Wann besitzt ein Schwarzbau Bestandsschutz?

Ist eine bauliche Anlage sowohl formell als auch materiell illegal, so kann sie trotzdem Bestandsschutz genießen, wenn sie ursprünglich materiell rechtmäßig errichtet wurde. Diese Rechtmäßigkeit muss sich aber über mindestens drei Monate erstreckt haben.

Diese Ansicht der Rechtsprechung könnte sich aber in Zukunft ändern, da sie in der Literatur zum Teil scharf kritisiert wird.

Was bedeutet „Schutz gegen Einwirkungen“?

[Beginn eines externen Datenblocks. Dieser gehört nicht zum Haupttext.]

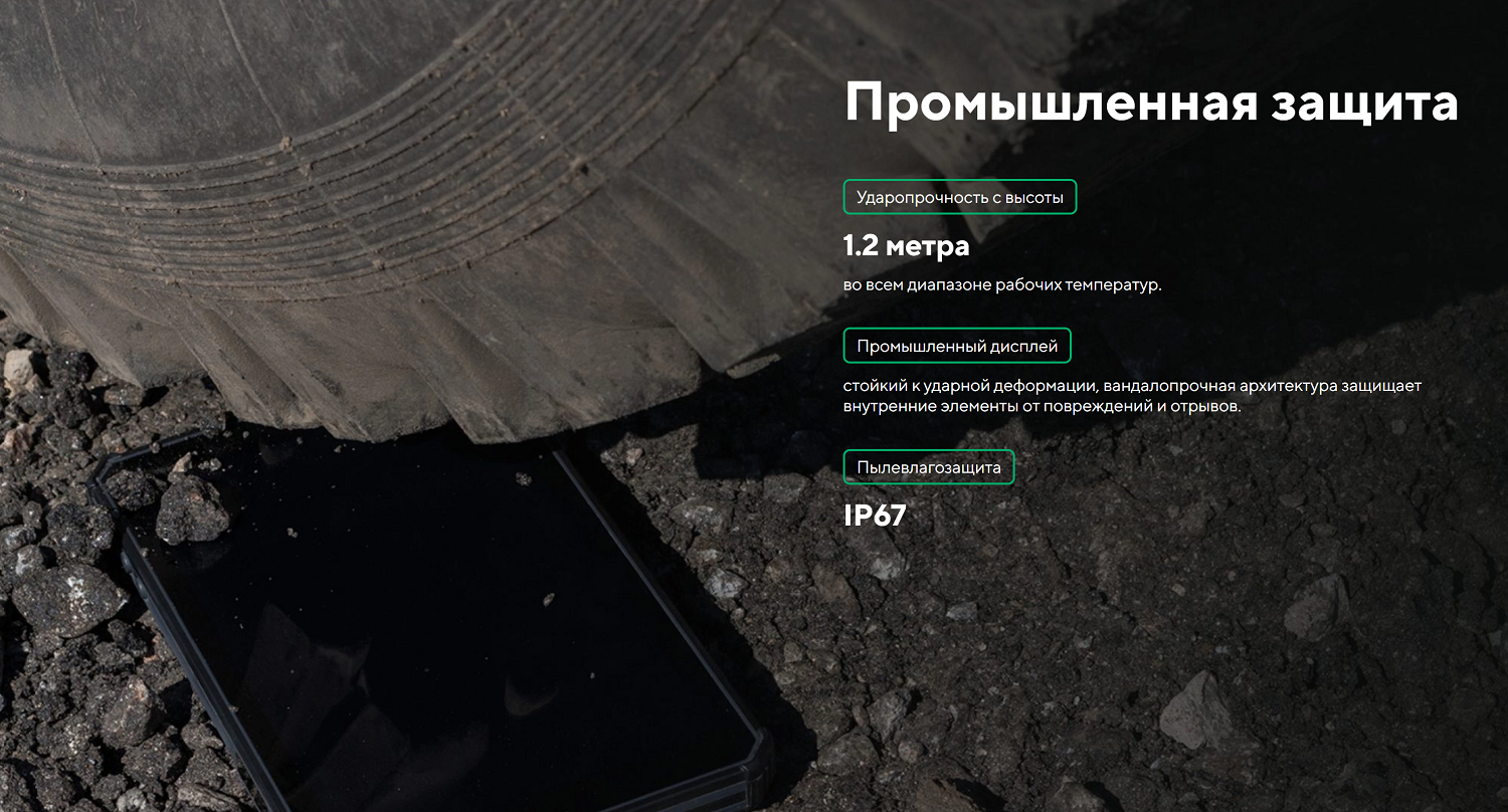 Защищенный мобильный компьютер (планшет) для различных задач и надежной связи в мобильных сетях 4G; 2 nano-Sim. Операционная система РЕД ОС М (Android 10 опция). Процессор Qualcomm SDM632 1,8 ГГц, ОЗУ 4 Гб RAM, ПЗУ 64 Гб (microSD до 256 Гб), фронтальная камера 5 Мп, задняя камера 13 Мп (вспышка и автофокус). Ударопрочный экран, диагональ 8", 800*1280 px (HD), светимость 500 нит, поддержка работы в перчатках и под прямым дождем. Модули Wi-Fi, Bluetooth 4.2, NFC и поддержка функции PTT. Поддержка спутниковой навигации GPS, ГЛОНАСС, BeiDou, Galileo. Кнопки управления, включая 4 функциональные, свободно программируемые. Разъемы: 2х USB Type-A OTG, 1х USB Type-C OTG, 1х micro HDMI и 1х Pogo-pin. Морозостойкий, съемный Li-Pol аккумулятор, емкость 7000 мАч, полный заряд за 3,5 часа. Современный дизайн, ударопрочный корпус со степенью защиты IP67, выдерживает падение на бетон с высоты 1.2 м, виброустойчив к частотам 1-80 Гц. Габаритные размеры 212x133x19 мм, вес 520 г. Рабочие температуры от -20 до +60°C.

Art. 11 BayBO definiert diesen Schutz sehr umfangreich:

Bauliche Anlagen sind so anzuordnen, zu errichten, zu ändern und instand zu halten, dass durch Wasser, Feuchtigkeit, pflanzliche und tierische Schädlinge sowie andere chemische, physikalische oder biologische Einflüsse Gefahren oder unzumutbare Belästigungen nicht entstehen.

Grundsätzlich dürfen Umweltbedingungen dem Bauwerk also nichts anhaben können.

Was ist ein Bauvorhaben?

Als Bauvorhaben gelten gemäß § 29 Abs. 1 BauGB die „Errichtung, Änderung oder Nutzungsänderung von baulichen Anlagen zum Inhalt haben, und Aufschüttungen und Abgrabungen größeren Umfangs sowie Ausschachtungen, Ablagerungen einschließlich Lagerstätten“.

Was ist eine bauliche Anlage?

Da sich das Bauplanungsrecht und das Bauordnungsrecht von ihrer Zielsetzung her unterscheiden, gibt es auch unterschiedliche Definitionen der baulichen Anlage.

Im Baugesetzbuch versteht man darunter alle Anlagen, die auf Dauer mit dem Erdboden verbunden sind, aus Baustoffen und Bauteilen hergestellt worden sind und bodenrechtliche Relevanz aufweisen.

Die Bayerische Bauordnung verzichtet dagegen auf das Merkmal der bodenrechtlichen Relevanz und versteht darunter nur „mit dem Erdboden verbundene, aus Bauprodukten hergestellte Anlagen“ (Art. 2 Abs. 1 BayBO).

Im Wesentlichen sind diese Begriffe also gleich, trotzdem darf die Definition aus dem einen Gesetz nicht eins zu eins auf das jeweils andere übertragen werden.